Istri dari Ryan Helmi yang sudah sejak empat bulan lalu meminta cerai itu tak sempat mendengar putusan hakim. Kalap suaminya yang sudah menjadi penderitaan Letty sejak beberapa waktu mencapai puncaknya di pekan pertama November 2017.
Dokter Letty pun tewas mengenaskan, sementara suaminya menceracau di polisi jika istrinya akan bereinkarnasi setelah kematiannya. Tak jelas apakah itu sandiwara atau bukan.
Namun yang jelas, dr Ryan Helmi mau dengan dalih apa pun tetaplah seorang pembunuh. Lima tahun janji pernikahan keduanya berakhir di selongsong peluru.
FOTO: dr Ryan Helmi, suami dari dr Letty Sultri saat menjalani proses rekonstruksi perkara
Di lain waktu, sepekan setelah kematian Letty. Seorang perempuan bernama Dewi Sinta menemui nasib serupa. Wanita berusia 39 tahun ini tewas usai diinjak-injak lehernya oleh suaminya sendiri, Agus.
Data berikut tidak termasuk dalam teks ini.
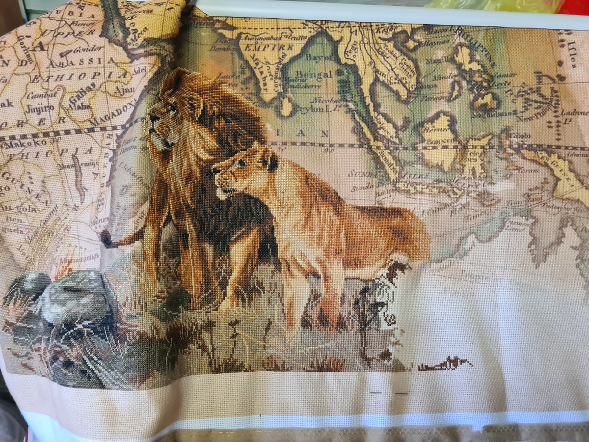 За окном – сибирские крещенские морозы, под -40. А в доме – тепло, треск дров в печке и гипнотизирующий танец огня за стеклом. Именно в такие вечера я наконец-то заканчиваю своего главного «творческого долгостроя» – большую вышивку со львами на карте мира.
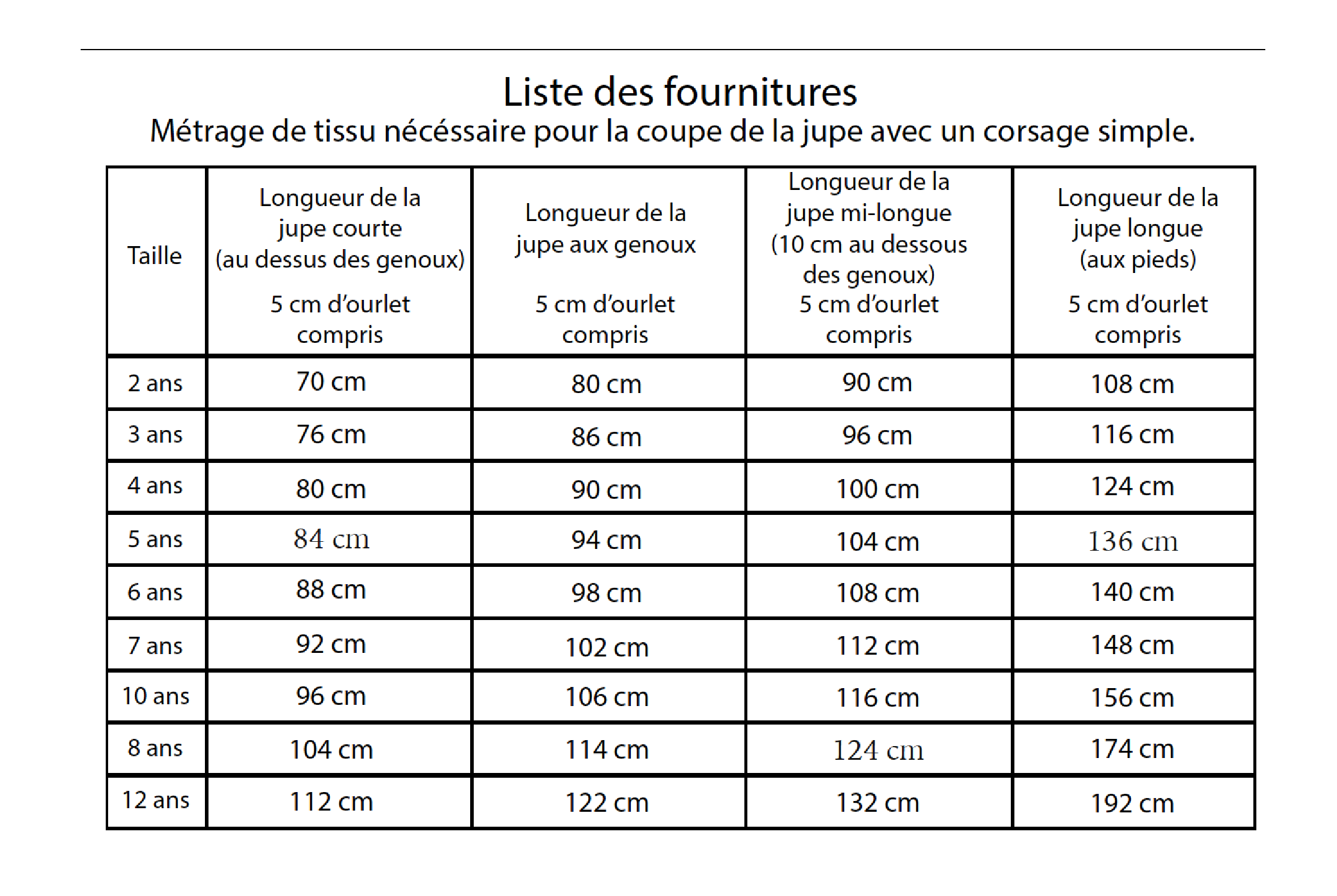 Patron en taille réelle, coutures comprises, disponible en 2 - 3 - 4 - 5 - 6 - 7 - 8 - 10 et 12 ans

Dewi yang sehari-hari berprofesi sebagai tukang pijat di wilayah Kemayoran Jakarta Pusat itu, dalam kondisi lemah usai dianiaya, dibekap dan diseret. Rambutnya ditarik.
Nyawa Dewi pun tak tertolong meski sempat dilarikan ke rumah sakit. Apa daya, Tuhan berkehendak lain. Dewi meregang nyawa di tangan suaminya sendiri.
Apa yang dialami dr Letty dan Dewi, hanya secuil kasus betapa mengerikannya aksi penganiayaan dan pembunuhan yang dilakukan oleh orang dekat. Tak cukup untuk memerikan satu per satu kisah tragis itu.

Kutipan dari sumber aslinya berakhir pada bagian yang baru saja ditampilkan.